13 Aralık 2010 Pazartesi

hormon asabiyeti...

mazeretim var, hamileyim ben :))

birkaç gündür, nasıl gerginim anlatamam. geçen akşam önce,  gran torino filminin sonunda clint eastwood ölünce ağlamaya başladım. ağlarken birilerinin görmesinden hiç hoşlanmam. buna kocacığım da dahil. filmin sonu tam yemek saatimize denk geldi. böcüümle gözgöze geldik, benim gözler hemen kızarmış. banyoya gittim, hemen. yüzümü gözümü yıkadım. saçımı başımı topladım, mutfağa gittim. böcükümün yüzünde bir gülümseme. "hormonların mı kudurdu yine" diye sordu. burnumu çeke çeke güldüm.

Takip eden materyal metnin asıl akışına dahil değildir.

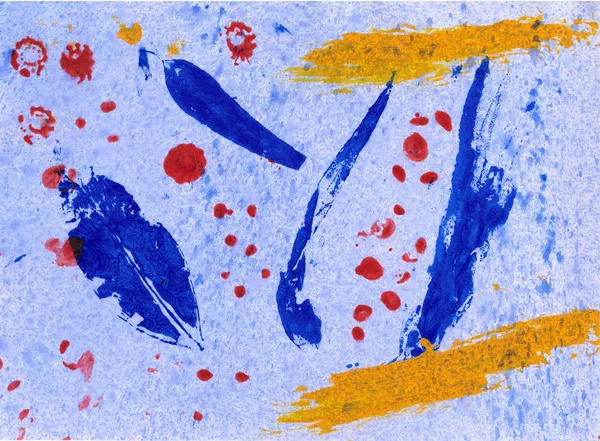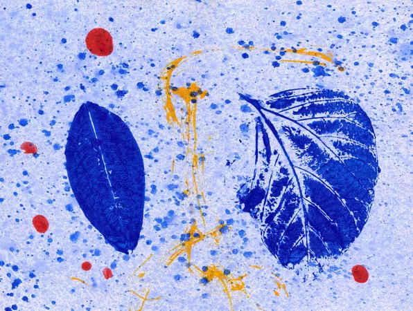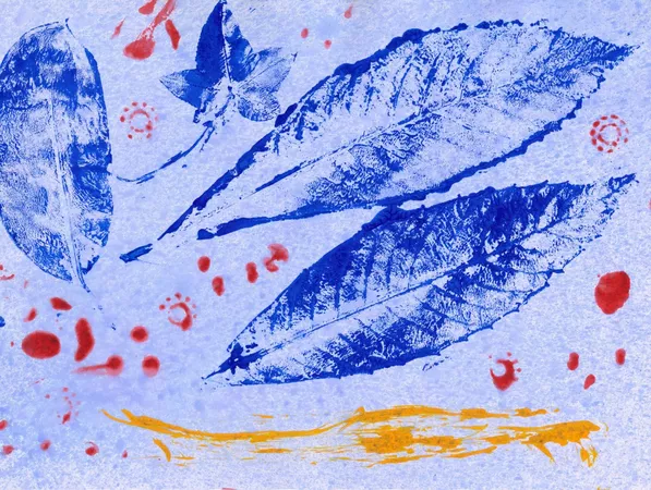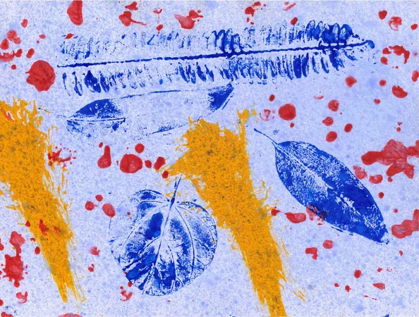 With their families, students explored their local environments to collect leaves and natural items to use as bush brushes and nature stamps. Students collectively decided that they wanted to use similar colours to those used by Judy Watson in her original piece. They began by rolling blue paint on both sides of their leaves to create leaf monoprints. Once dried, students then added paint strokes using bush brushes dipped in yellow paint and they used natural objects such as pinecones, seedpods and gumnuts as stamping (relief printing) tools using red paint.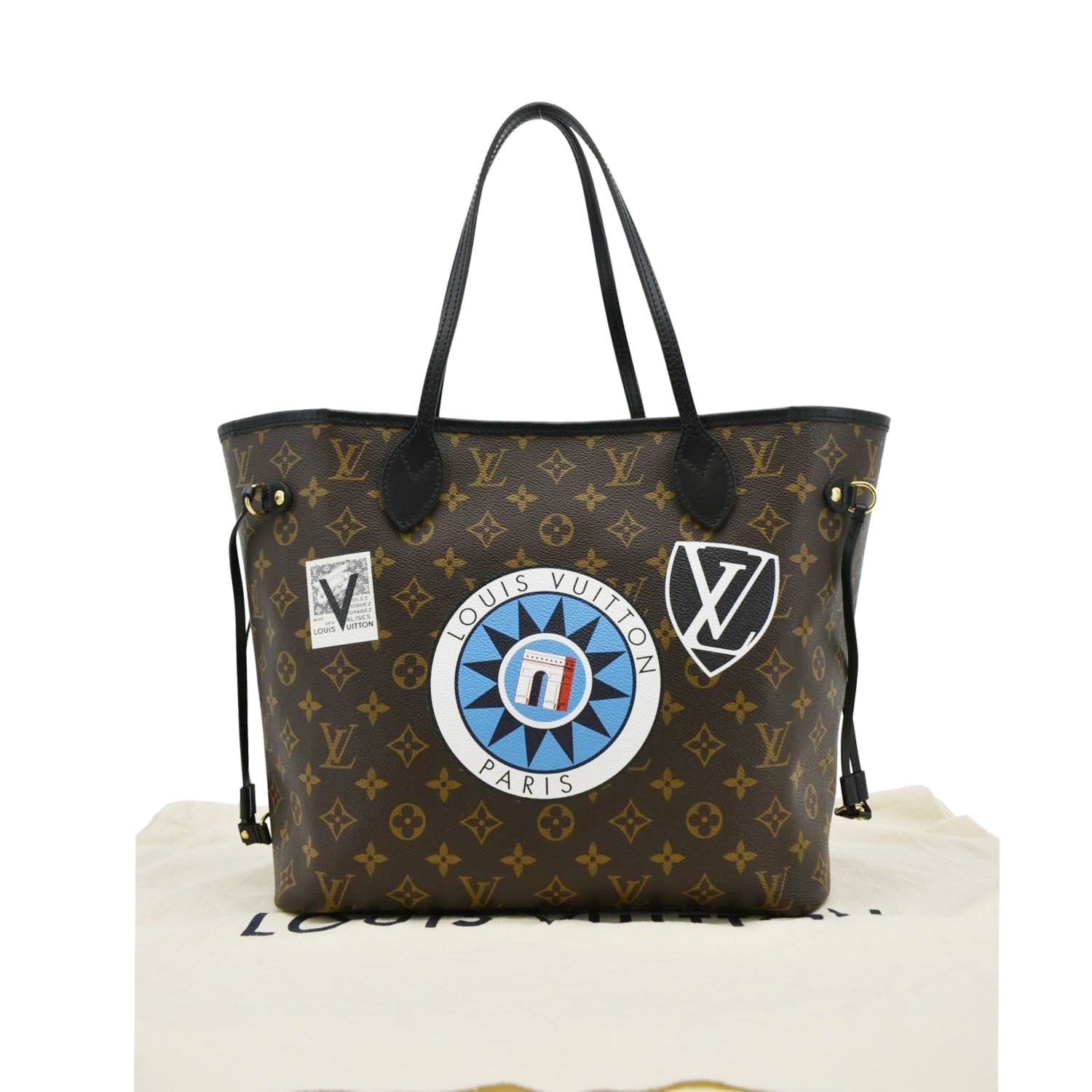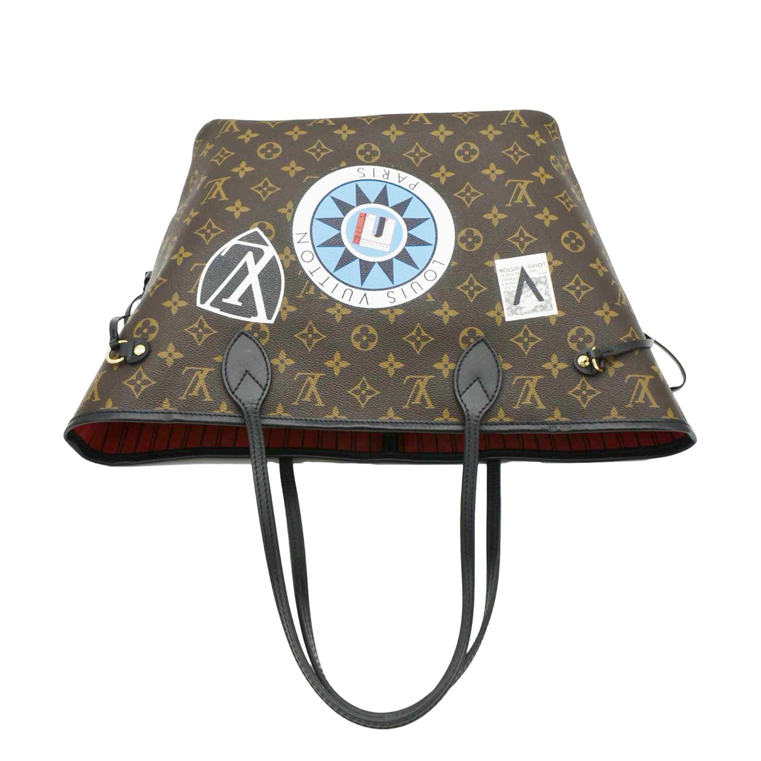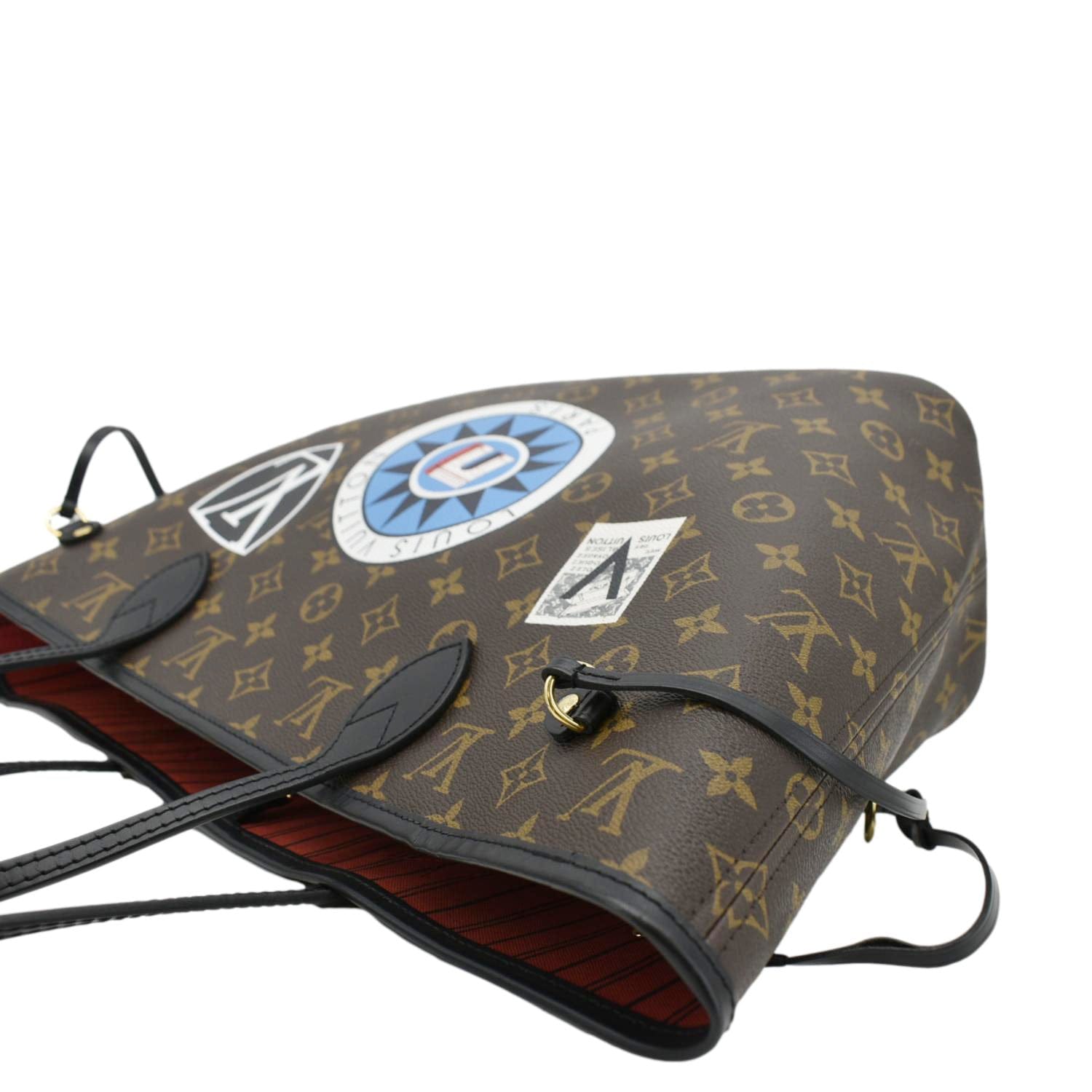The LOUIS VUITTON Neverfull World Tour Monogram Canvas Tote Bag in Brown is a stylish and spacious bag featuring the iconic Monogram canvas adorned with playful travel-inspired stickers. Its roomy interior and versatile design make it perfect for everyday use.

ertesi akşam, yatmadan önce her zamanki gibi annemle telefonda konuştuk. tatlı başlayan konuşmamız pek de tatlı bitmedi. tartışmadık elbet ama , biraz gergin kapattık telefonu.
 annem biraz otoriterdir, benim dediğim doğru havası vardır. ee, ben de alıngan olunca, gerginlik kaçınılmaz oluyor, bazen.
gerilmiş bir hamile, daha da gerilirse ne olur?
ağlar...

gömdüm kendimi yorganın altına.
iyi geceler demeyişimden işkillenen böcüküm, yine beni sümüklerimi çekerken buldu. :P
yanıma gelip uzunca bir süre teselli edip, sakinleştirdi beni, sağolsun.

ota boka ağlayan hamileler olduğunu duymuştum, şımarıklık yaptıklarını düşünmüştüm.
yanılmışım...
sizi sinirlendiren yada üzen konunun,
ne kadar saçma ya da gereksiz olduğu hiç önemli değil. bir anda içinizi kavuran bir öfke fırtınasını hissediyorsunuz. ya çığlık çığlığa birine bağırmak ya da hıçkıra hıçkıra ağlamak geliyor içinizden.
ben bağıramadığımdan, ağlama yolunu seçiyorum.
gözleriniz kurumaya yüz tuttuğu ve burnunuzun doluluğundan nefes alamadığınız noktaya geldiğinizde bir nebze de olsa sakinleşiyorsunuz.

tavsiyem, içinizdekileri akıtana kadar ağlayıp, arkasından uyumanız.
uyandığınızda kendinizi salak gbi hissediyorsunuz ama olsun, sakinleyip, rahatlamış oluyorsunuz.